Suppose assumptions 15 hold. Let \({\hat{\varvec{\theta }}}_N\) be a best regular estimator, as described by equation (4). Then the plug-in rule \(\delta _N^*\) defined in (1) is locally asymptotically minimax:

$$\begin{aligned} \sup _J \liminf _{N \rightarrow \infty } \sup _{h \in J} \; \sqrt{N} R_N \left[ \delta _N^*, \theta _0 + \frac{h}{\sqrt{N}} \right] = \inf _\delta \sup _h R_\infty (\delta ,h), \end{aligned}$$

where the outer supremum over J is taken over all finite subsets J of \({\mathbb {R}}^{\dim (h)}\).

Compared to the finite sample results discussed in appendix B, this asymptotic result has several advantages. It does not require each treatment distribution to lie in the same parametric class (although I have assumed this in the exposition for simplicity). It does not require sample sizes to be exactly balanced, although the approximation will likely be poor if the sample size is far from being balanced. It does not require the parameters \(\theta _k\) to be scalar, and does not require the distribution of data to have monotone likelihood ratio.

2.6 Discussion

In this section, I have shown that, when there are a finite number of treatments, the rule which assigns everyone to the treatment with the largest estimated welfare is locally asymptotically minimax under regret loss. This extends one of the results in Hirano and Porter (2009), and relies on applying permutation invariance results by Bahadur (1950), Bahadur and Goodman (1952), and Lehmann (1966) in the limit experiment, instead of results from hypothesis testing. One limitation of this result is that I required the sample sizes to be asymptotically balanced, which was not required by Hirano and Porter when there are only two treatments. This requirement suggests that the empirical success rule defined in equation (1) may perform poorly when the sample size is far from balanced. More generally, the performance of the rule (1) depends on how well the limit experiment approximates the actual finite-sample distribution of \({\hat{\varvec{\theta }}}_N\). I leave a further exploration of the quality of the finite-sample approximation to future research. Likewise, I leave the problem of asymptotically unbalanced samples to future research.

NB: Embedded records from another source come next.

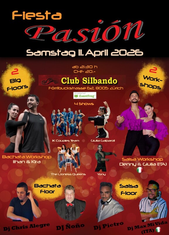 Spring Special mit Denny Imperial & Giulia Galparoli (ITA) und DJ Max mi Vida (ITA) Fiesta Pasión - Deine Social-Dance Party am 2. Samstag des Monates im Club Silbando! Im Rahmen dieses New Years' Special haben wir gleich 4 DJs am Start... u.a. DJ Max Mi Vida aus Italien!! Das erwartet dich... *2 Workshops*: Vor der Party finden von 20:30 - 21:30 Uhr zwei Workshops statt (CHF 30.- inkl. Party-Eintritt): - Salsa mit Denny Imperiale & Giulia Galparoli (ITA) Vorverkauf: https://eventfrog.ch/de/p/kurse-seminare/musik-tanz/salsa-workshop-mit-denny-imperial-giulia-galparoli-ita-7436863902850248372.html - Bachata Workshop mit Ilhan & Kira (ITA) -> Vorverkauf Vorverkauf: https://eventfrog.ch/de/p/kurse-seminare/musik-tanz/bachata-workshop-mit-ilhan-kira-7436872091142497476.html *2 Big Floors*: - Floor 1: Salsa mit DJ Max mi Vida (ITA) und DJ Pietro - Floor 2: Bachata mit DJ Ñoño und DJ Chris Alegre *4 Shows* (Start 23:45 Uhr) 23:45 Uhr Bachata-Floor - IK Couples Team - The Lioness Queens 00:15 Uhr Salsa-Floor - Giulia Galparoli (ITA) - Yony (SalsaRevolutión) Abendkasse: 20.- CHF Vorverkauf: 20.- CHF https://eventfrog.ch/de/p/partys/latin-brasil/fiesta-pasion-spring-special-7436873044147099107.html ●●● WHATSAPP/TELEGRAM: Komm in die WhatsApp- oder Telegram-Gruppe und bleibe über die kommenden Events informiert: Whatsapp: https://chat.whatsapp.com/DHgqcB4Pe8aFmjpYt2v03c Telegram: https://www.t.me/fiestapasion ●●● Fiesta Pasión Daten 2026: (jeweils am 2. Samstag des Monates) 9.5.2026 13.6.2026 11.7.2026 (Sommer Special - 2 Big Floors) Sommerpause 12.9..2026 10.10.2026 (19-jähriges Jubiläum - 2 Big Floors) 14.11.2026 12.12.2026 ------------------------------ Dein Fiesta-Pasión Team #salsa #bachata #dance #salsadancing #music #a #salseros #merengue #kizomba #colombia #salsacubana #reggaeton #dancer #salsadance #puertorico #bachatasensual #salsamusic #dancing #musica #hiphop #rumba #salsaromantica #mambo #cuba #dancers #salsaon #venezuela #latino #latindance #love
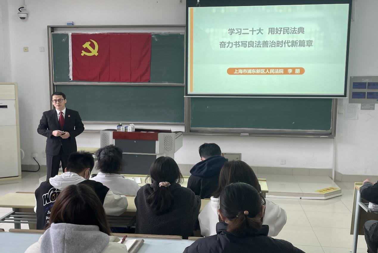 在临港校区,浦东新区人民法院李朋法官《学习二十大 用好民法典 奋力书写良法善治新篇章》为题开展第一讲李朋法官结合丰富时事案例,向学员们详细介绍了民法典的内容提升了学员们的法治思维和法治意识
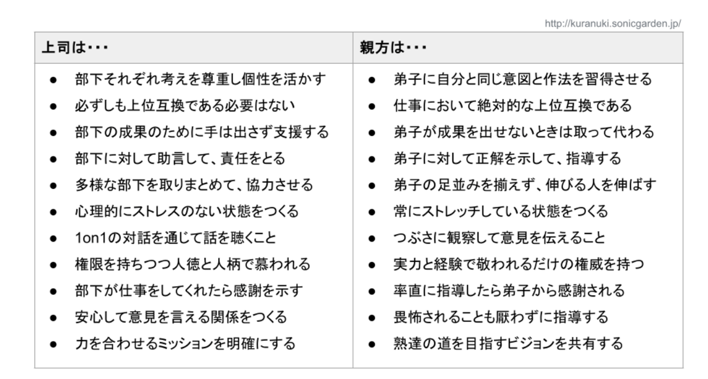 これまでであれば、倉貫が直接各メンバーと接しながら、ソニックガーデンの仕事への流儀や文化を伝えることができました。しかし、これからは、徒弟制度を中心にミドルマネジメントを通じて、組織の理念を伝えていく必要があります。
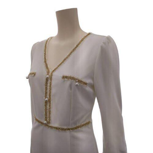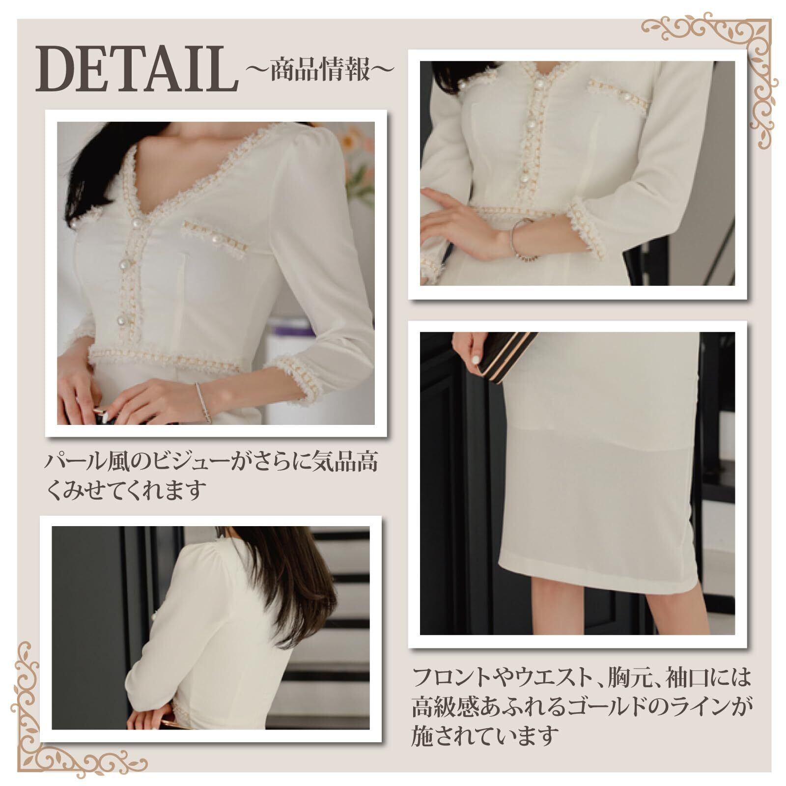 ホワイトに映えるゴールドのラインが高級感を漂わせるワンピース(キャバドレス・CABARETDRESS)。フロントやウエスト、胸元、袖口には高級感あふれるゴールドのラインが施されています。ウエストラインをマークすることで引き締まったボディラインを強調することができます。パール風のビジューがさらに気品高くみせてくれます。程よいゆとりをもたせたサイズ感、さらりとしたソフトタッチの素材で着やすさにも拘っています。七分丈の袖がこれからの季節にぴったりの爽やかデザインです。
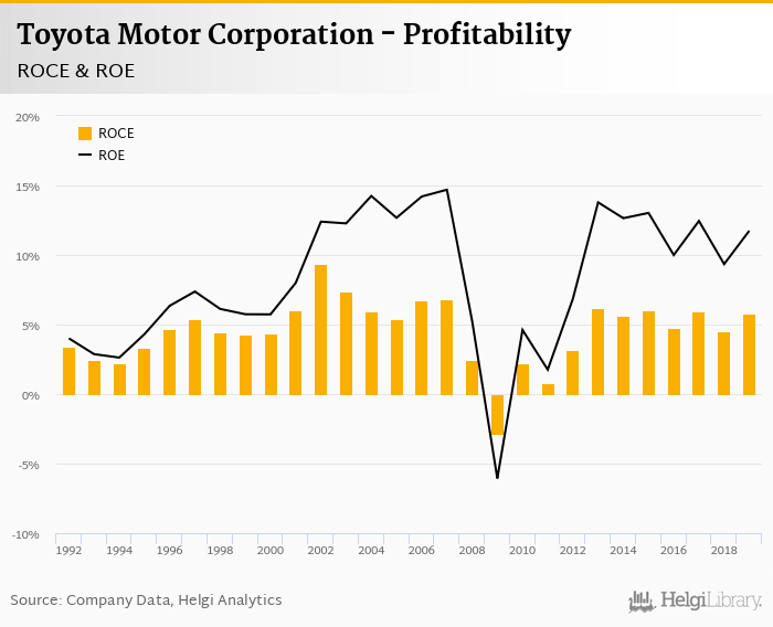 Toyota Motor Corporation made a net profit of JPY 2,473 bil in 2019, up 29.9% compared to the previous year. Historically, between 1992 and 2019, the company's net profit reached a high of JPY 2,473 bil in 2019 and a low of JPY -669 bil in 2009.
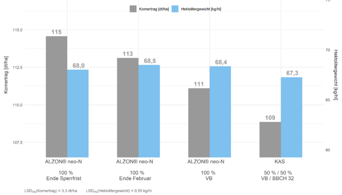 Es gilt also, die Wasservorräte des Winters intelligent für die Düngung zu nutzen und Applikationen in Trockenperioden zu vermeiden. Die N-stabilisierte Düngung als Einmalgabe zu Wintergerste und Winterroggen oder die Start-N-Gabe zu Winterweizen kann schon zwei bis vier Wochen vor Vegetationsbeginn (VB) erfolgen. Die zu diesem Zeitpunkt an jedem Standort ausreichend vorhandene Bodenfeuchte fördert eine rasche Auflösung des Düngers und die anschließende Infiltration und Verteilung im Wurzelbereich. Dank dem in den ALZON®-Produkten enthaltenen Nitrifikationsinhibitor wird die Pflanze bedarfsgerecht ernährt, ohne dass Verluste durch Nitratverlagerung oder in Form von Lachgas befürchtet werden müssten.

3 Numerical computation of finite-sample minimax-regret treatment rules

Finite-sample minimax-regret treatment rules are often difficult to derive analytically. When analytical results are not available, we can instead numerically compare the performance of any proposed treatment rules, and also compute optimal treatment rules. In this section, I first compare selected treatment rules. I show that optimal rules for certain sampling designs may perform quite poorly for other designs. In particular, the empirical success rule does poorly for unbalanced designs. I next show how optimal rules can be computed. Minimax-regret rules can be thought of as solutions to a fictitious game between nature and the decision-maker. Consequently, numerical techniques used to compute equilibria of games can be used to compute minimax-regret rules.

3.1 Setup

The general setup is as in section 2. Here I describe several additional assumptions I use for the numerical finite-sample results, and I describe the sampling designs I consider throughout the section.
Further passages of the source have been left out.